C'est ce type de business model qui m'interpelle et me touche. Ma marque, c'est l'humain, l'échange. J'aimerais que l'on ne me juge pas seulement sur le chiffre d'affaires mais sur l'impact social que l'on va avoir sur le territoire. On veut être un projet engagé, un projet de terrain : cela passe par la formation, par créer de la cohésion sociale entre les gens, promouvoir l'accès à la mode et à la culture au coeur des quartiers qui en sont les plus éloignés, préserver le patrimoine (le savoir-faire de la haute couture) en rendant cela accessible au plus grand nombre.
A chaque saison vous engagez des collaborations artistiques
Chaque collaboration a été une histoire à part entière : le travail des sculptures textiles de Simone Phelpin me faisait penser à celui de Madame Grès. Il y a eu aussi Hassam Massoudy le calligraphe et Lee Bae l'artiste coréen qui travaille le charbon, exposé en ce moment à la galerie Perrotin... Pour ces collaborations, je me laisse guider par l'émotion : quand je vois un artiste dont le travail me donne chaud au coeur, j'aime bien l'inviter et lui rendre hommage.
Quel est l'artiste invité pour la collection automne-hiver 2022-23 présentée ce 7 mars ?

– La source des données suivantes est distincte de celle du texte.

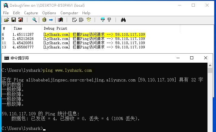 if (strcmp(szRemoteAddress, "8.141.58.64") == 0 && strcmp(szRemotePort, "443") == 0) { DbgPrint("[LyShark.com] 拦截网站访问请求 --> %s : %s \n", szRemoteAddress, szRemotePort); classifyOut->actionType = FWP_ACTION_BLOCK; classifyOut->rights = classifyOut->rights & (~FWPS_RIGHT_ACTION_WRITE); classifyOut->flags = classifyOut->flags | FWPS_CLASSIFY_OUT_FLAG_ABSORB; } else if (strcmp(szRemotePort, "0") == 0) { DbgPrint("[LyShark.com] 拦截Ping访问请求 --> %s \n", szRemoteAddress);

Dans cette collection, il y a deux histoires intéressantes : une collaboration avec Angélique Lefèvre et une gamme de produits à partir de la caséine de lait. Angélique Lefèvre, qui fait de la sculpture textile, a un univers qui fait penser à Martin Margiela : chez elle, c'est tout blanc. Elle crée des personnages, des sculptures de visage en organdi. Elle solidifie le plâtre pour donner naissance à des formes et travaille le PET (ndlr : polymère de type polyester). On est aussi sur un projet d'innovation et de développement durable en travaillant quelques pièces à partir de la caséine de lait, non consommable transformé en tissu.
Vous êtes en mode challenge tout le temps, quel est le prochain ?
Chaque année, j'essaie de faire une exposition franco-indienne : j'ai besoin de sortir de la mode pour faire des projets perso. J'aime les challenges un peu fous et souvent on me dit, tu travailles à l'échelle d'un groupe de mode ! C'est ainsi un challenge d'être une jeune marque et d'ouvrir un espace de 200 m2 au Carrousel du Louvre en décembre dernier. Dans cet espace mode-art, on présente nos vêtements, nos collaborations artistiques. Un lieu pour mettre en lumière des jeunes artistes talentueux lors de présentations éphémères.
En mars, on participe à la Fashion Week indienne où l'on doit présenter une collection capsule créée pour l'Inde avec un tissu traditionnel, le khadi. J'ai déjà réalisé le challenge d'habiller des stars de Bollywood.
Avec ma municipalité, on est aussi sur un projet d'hommage à Madame Grès avec la création d'un musée à Villiers. L'idée, c'est de ramener la haute couture et ses métiers en banlieue.